Couvrir 50% du Val De Quint avec l’ACC
ACOPREV fera partie de la sélection de Pegasus. S’en sont suivi des études sur l’autoconsommation collective avec le soutien du pôle de compétitivité Tenerrdis mais aussi un parrainage de la CNR. Le projet pilote commencera par une phase de mesure d’un an sur un périmètre d’une trentaine de bâtiments représentant une consommation de 190 MWh annuels. « Cela nous a permis de dimensionner la taille du dispositif et de quantifier l’énergie solaire nécessaire pour assurer, dans un premier temps, 20% de la consommation locale » explique Hubert Remillieux. Entre-temps, ACOPREV devient lauréat du club de la Transition Energétique 2019 pour la transversalité de son projet de smart grid rural, entre ACC, production et stockage d’hydrogène vert ainsi que mobilité hydrogène. ACOPREV a même organisé dans le Val De Quint deux journées dédiées à cette thématique de mobilité hydrogène en accueillant plus de deux cents personnes. Au vu de l’influence croissante prise par l’association, Hubert Remillieux s’est alors davantage impliqué dans son développement. Et les projets d’ACC de changer d’échelle. « Pour conforter nos ambitions solaires et afin de porter les investissements, nous avons créé la SAS qui compte 88 sociétaires et 90 000 euros de capital. Le projet pilote est trop étriqué et sans trop d’intérêt car limité à quarante consommateurs. Notre nouvel objectif est aujourd’hui de produire 2000 MWh par an, soit autant que la consommation du Val De Quint avec un volet expérimental sur le stockage et un autre sur l’ACC élargie qui couvrirait 50% de la consommation de la zone complète du Val De Quint. Le tout pour un investissement qui se situerait autour des 3 millions d’euros et une puissance actée à 1,6 MWc pour les six communes » précise Hubert Remillieux.

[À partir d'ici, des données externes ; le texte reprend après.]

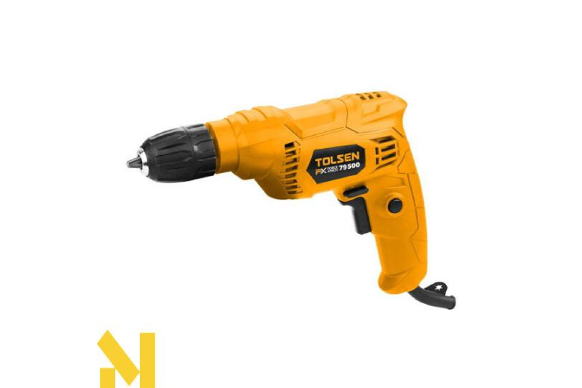 Безударний дриль Tolsen 79500 оснащений швидкозатискним патроном, який забезпечує просту зміну оснастки.

« Nous n’avons rien lâché »
Oui mais voilà, l’ACC étendue ne relevait alors que de l’utopie de bon sens. Qu’à cela ne tienne. Avec l’aide de la députée de la troisième circonscription de la Drôme Célia de Lavergne, très pointue sur les questions d’énergie, ACOPREV lance ses actions de lobbying. La députée co-rédigera ainsi l’amendement à la loi PACTE sur ce sujet de l’extension du périmètre de l’ACC, et comme motivation à l’amendement, seront citées les actions menées par l’ACOPREV. Avec une idée force : passer de deux kilomètres de diamètre à 20 kilomètres. Au passage de la loi PACTE, l’amendement est retenu, mais le décret d’application ne prend pas en compte le 20km rural. « Nous n’avons pas été entendu » regrette Hubert Remillieux. Mais persévérance et insistance font l’âme des gens du Val De Quint. Les élus déposent alors un dossier à France Expérimentation, un dispositif conçu pour les projets innovants dont le développement est rendu impossible par certaines dispositions réglementaires voire législatives. « Nous voulions lever l’obstacle pour nous donner les moyens de nos ambitions. Nous n’avons rien lâché. Nous avons mis en avant la valorisation au sens large du projet qui concerne la fourniture d’électricité, la flexibilité des prix, le service au réseau, l’ACC mais aussi des actifs ressources de secours en cas de panne réseau » insiste l’ingénieur. A force de persuasion et d’entregent issu de la ruralité mais aussi des territoires de montagne, un conseiller du ministère s’est trouvé intéressé par cette initiative citoyenne et a acté la modification du décret pour en intégrer une dimension rurale. Du pied du Vercors aux confins des vallées alpines ou pyrénéennes, des élus de terrain ont donc poussé pour faire prévaloir ce périmètre étendu au nom de l’égalité des territoires face au progrès des nouvelles technologies.